■ Work to complete ■
The answer is to be the lines below that lie between the line holding "南瓜蒸熟,加入坚果和起司,慢" and the line holding "Stretch-kissed denim and", inclusive, transcribed exactly and free of pictures.

[Study material — start]

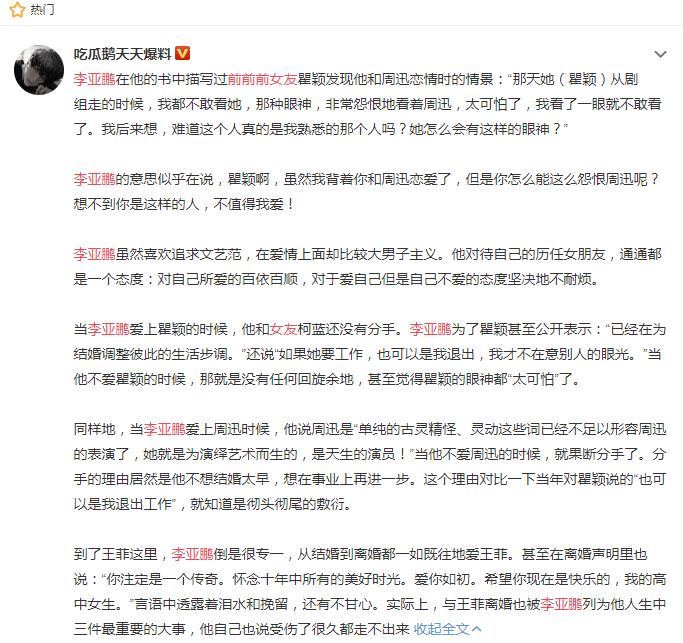 ![]() 我们看海哈金喜的微博上经常有参加公益活动,再加上李亚鹏还有一个嫣然基金会,是专门针对儿童兔唇的公益基金会,所以有网友分析两个人可能是因为共同出席活动而认识,并最终走在一起的。目前李亚鹏是单身的状态,找女朋友是无可厚非的,不过有网友说李亚鹏的换女友速度太频繁了,去年刚刚找了一个唱爵士的文字工作者,今年又马上找一个模特,希望明年李亚鹏的女友还是海哈金喜。 ![]() 其实李亚鹏的前女友们远不止上面讲到的这2位,柯蓝、瞿颖、周迅、以及后来结婚了的王菲都曾经是李亚鹏追求过的女人,而且每一短感情开始的都非常的热烈,但是最终却草草收尾,他公开的第一个女朋友是柯蓝,然后在还没跟柯蓝分手的情况下爱上了瞿颖,然后再跟瞿颖恋爱过程中爱上了周迅。。。总之电视剧都不敢这么演的情节都发生了。 ![]() |
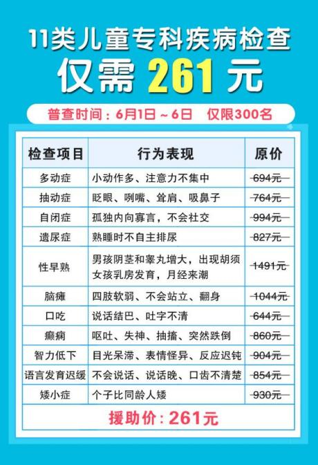 为了减轻家庭经济负担,太原天使天使儿童医院特推出多项检查费用优免活动,即十一类儿童疾病单项检查仅需261元,名额仅限前300名。
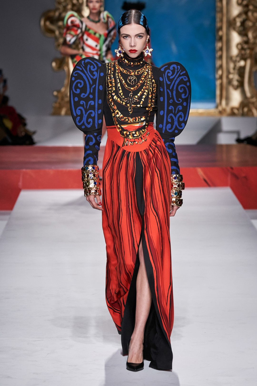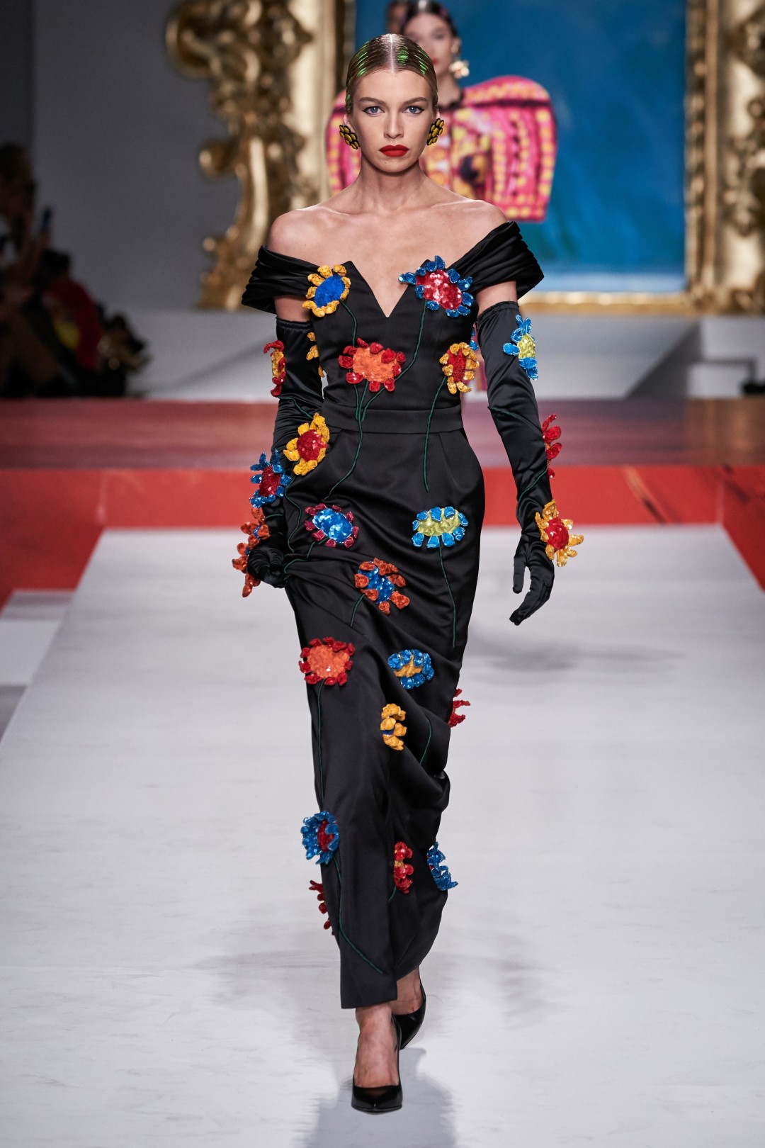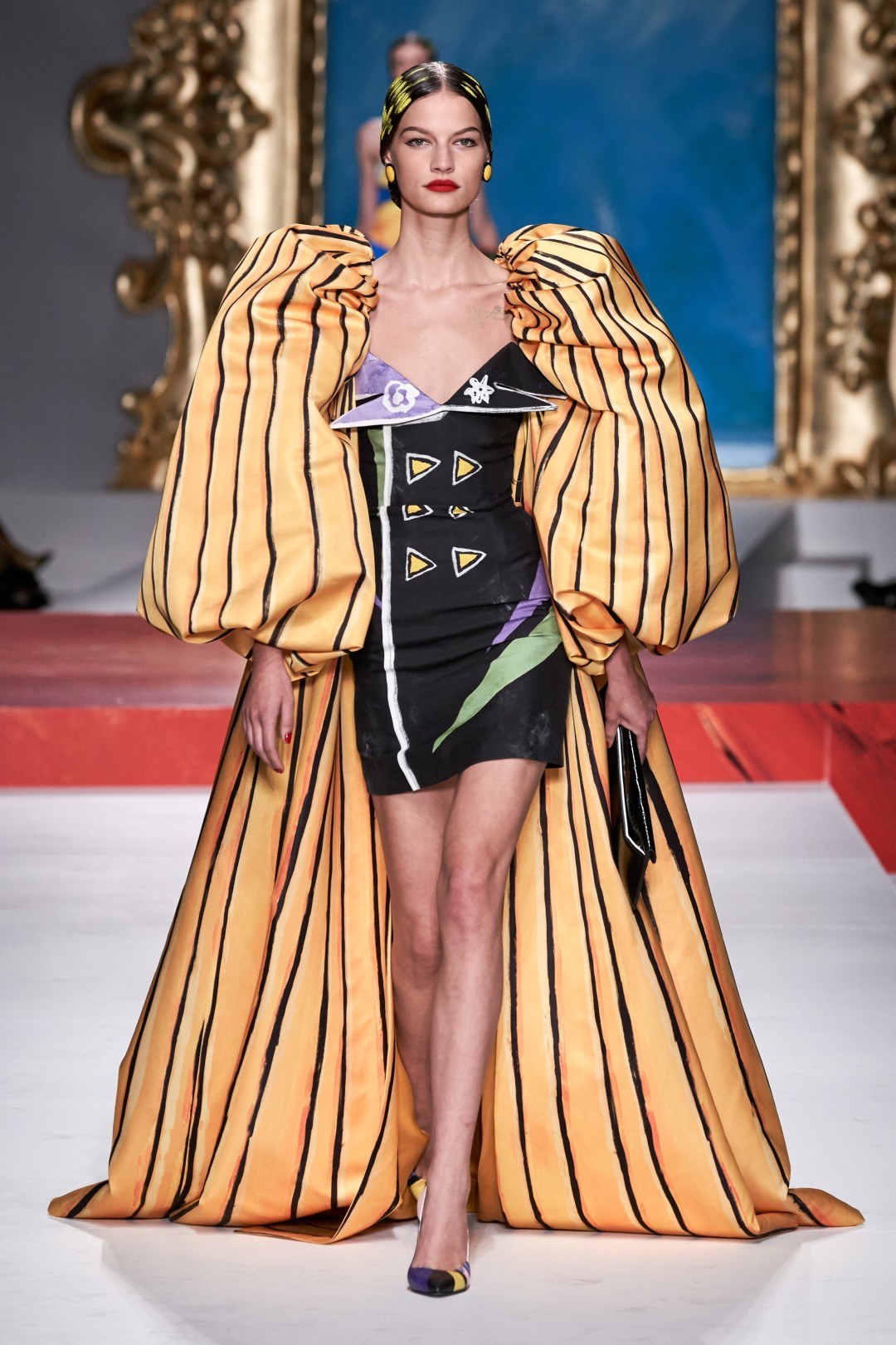 Само шоу выглядело как выставка картин Пабло Пикассо: Moschino перенесли его «Авиньонских девиц», «Арлекина», «Девушку с мандолиной», «Девушку перед зеркалом» и даже эскизы декораций для балета «Квадро фламенко» на одежду, вручную нарисовав принты перед их оцифровкой. Об этом Джереми Скотт рассказал на бэкстейдже показа в окружении своих муз (ведь они должны быть у каждого художника!): Ирины Шейк, Стеллы Максвелл, Аду Акеш, Алеси Кафельниковой, Кайи Гербер, Беллы и Джиджи Хадид, которая закрыла шоу в свадебном платье.
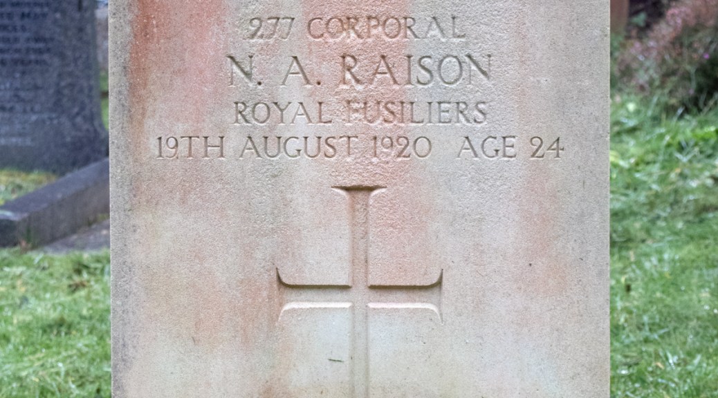 The funeral took place at the Cemetery on August 24 of Corporal Austin Neal Raison… who died on the previous Thursday from wounds received in action. Deceased was 24 years of age and in September 1914, he volunteered for service in the Army, joining the Royal Fusiliers. He went to France in October 1915, and took part in most of the important battle from that date until he was severely wounded in the retreat from Cambrai. He returned home, and everything possible was done for him, but he never recovered health, and gradually sank, dying at his father’s house to the sorrow of all who knew him.
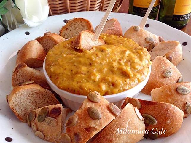 南瓜蒸熟,加入坚果和起司,慢火拌至起司融化成稠酱状,沾麵包或饼乾,当沙拉沾酱,美味满点,营养满分!
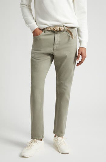 Stretch-kissed denim and a clean-lined design offer unparalleled versatility and comfort in slim-leg jeans with classic five-pocket construction.
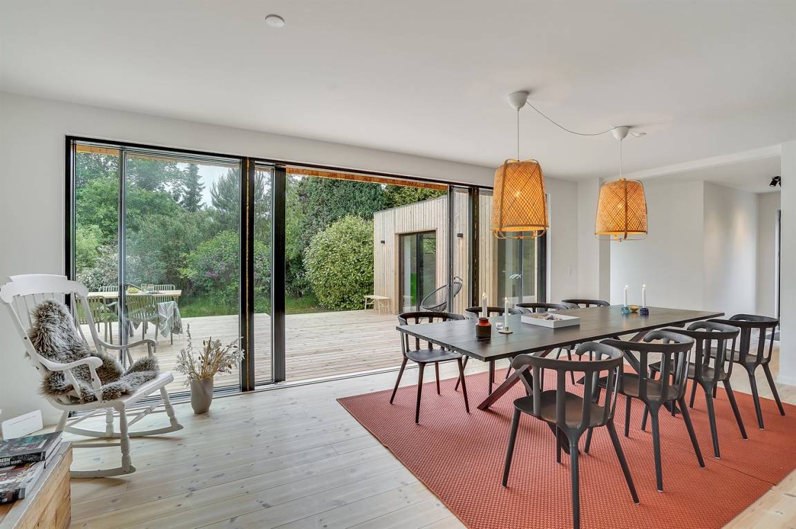 Komplett renoviertes, hochwertiges Ferienhaus, in dem Sie die frische Luft auf den großen Terrassen genießen können. Vom offenen Gemeinschaftsbereich, bestehend aus einer modernen Küche, einem Essbereich und einem Wohnbereich, und vom größten der drei Schlafzimmer gelangen Sie auf den großen, geschützten Terrassenbereich. Alle Schlafzimmer sind mit Doppelbetten ausgestattet. Außerdem ist ein geschlossener Terrassenbereich mit Außenduschen vorhanden. Den geschlossenen Terrassenbereich erreichen Sie unter anderem vom Badezimmer, das mit ansprechenden Materialien gestaltet wurde und mit Fußbodenheizung ausgestattet ist. Der Waschraum ist mit einem Waschtrockner ausgestattet. Das Ferienhaus liegt in Græsted, nur 1000 m von einem schönen Badestrand entfernt. Mit dem Auto erreichen Sie viele idyllische Urlaubsorte wie Tisvildeleje, Gilleleje und Hornbæk sowie das einzigartige Naturgebiet Heatherhill.
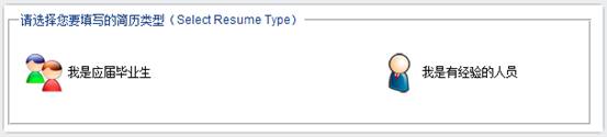 第六步:點擊“我的簡歷”,會彈出“我是應(yīng)屆畢業(yè)生”和“我是有經(jīng)驗的人員”兩種簡歷類型供你選擇,然后根據(jù)自己的情況選擇。

[Study material — finish]

■ Response ■
 南瓜蒸熟,加入坚果和起司,慢火拌至起司融化成稠酱状,沾麵包或饼乾,当沙拉沾酱,美味满点,营养满分!
 Stretch-kissed denim and a clean-lined design offer unparalleled versatility and comfort in slim-leg jeans with classic five-pocket construction.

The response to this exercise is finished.